Мальчики из предосторожности шли зарослями. Достигнув Казанки, они засели в прибрежных камышах. Дорога, уходившая степью к городу, была ясно видна. На ней вздымалась пыль, но никто не шел и не ехал по ней. Косте надоело смотреть в ту сторону. Он передвинулся подальше, на бугорок, и вдруг замер. На противоположном берегу, заросшем красноватым лозняком, он заметил широкополую соломенную шляпу-бриль, вроде той, какую носил Данила Галаган.

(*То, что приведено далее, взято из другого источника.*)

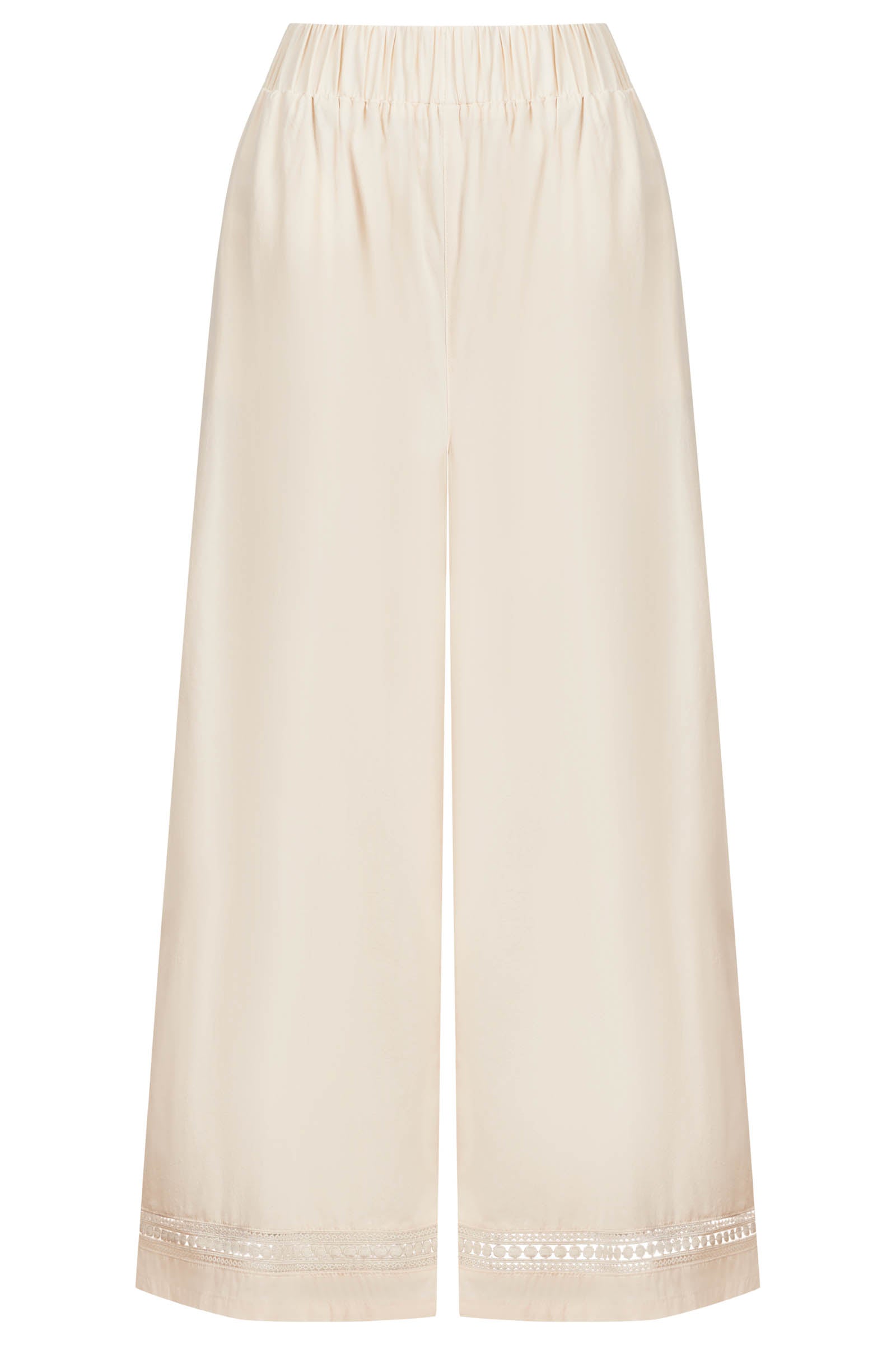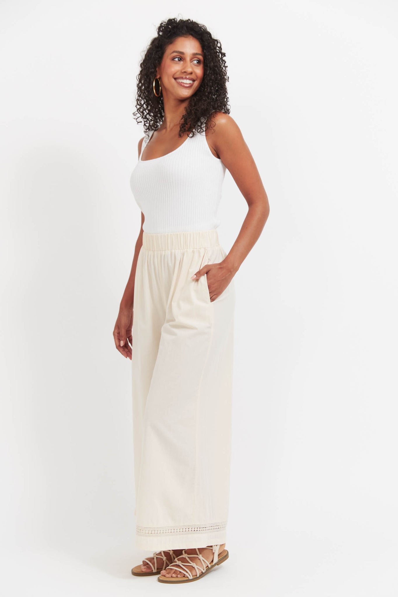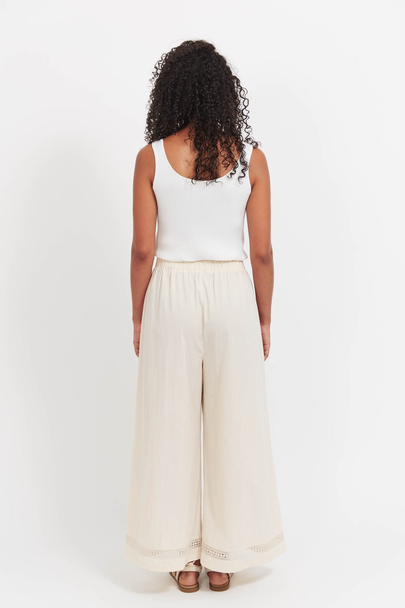 With a wide-leg silhouette, 7/8 length, and soft cotton feel, the Santos Pant strikes the perfect balance between casual comfort and refined. The wide elasticated waistband makes for an easy pull-on fit, while lace trim at the hem adds a feminine finish. Whether you're poolside or exploring a new city, pair it with a tucked-in tank or the matching Santos Shirt. Just add woven platform sandals and shimmering accessories.

Костя ползком, как уж, попятился, Слава и Борька вместе с ним принялись наблюдать за противоположным берегом. Шляпа не двигалась. Обладатель ее, очевидно, сидел. Что он здесь делал? Может быть, это Галаган? Тогда нужно немедля сообщить на хутор. Но прежде всего следует узнать, кто это.
Ребята подкрались ближе к воде, но человек на том берегу устроился так ловко, что и теперь его трудно было разглядеть. Долговязый Ходуля поднялся на колени, тихонько высунул длинную шею из камышей. То, что он увидел, немало удивило его. Человек в соломенной шляпе оказался вовсе не Галаганом, а белобрысым дядькой в вышитой украинской рубашке. Он сидел на корточках и удил рыбу.
Борька поделился с товарищами своими наблюдениями. Костя не поверил и сам высунул голову из камышей. Действительно, белобрысый дядька удил рыбу удочкой. Кто он такой?
Маленькие зеленоватые глаза Кости настороженно прищурились. В эту минуту подул утренний ветер, пригнул тонкие лозины на том берегу, и Костя увидел, что рыболов, оставив удилище, поднес к глазам бинокль. «Вот оно что!»
Костя толкнул Славу в спину:
— Беги скорей, а мы его покараулим!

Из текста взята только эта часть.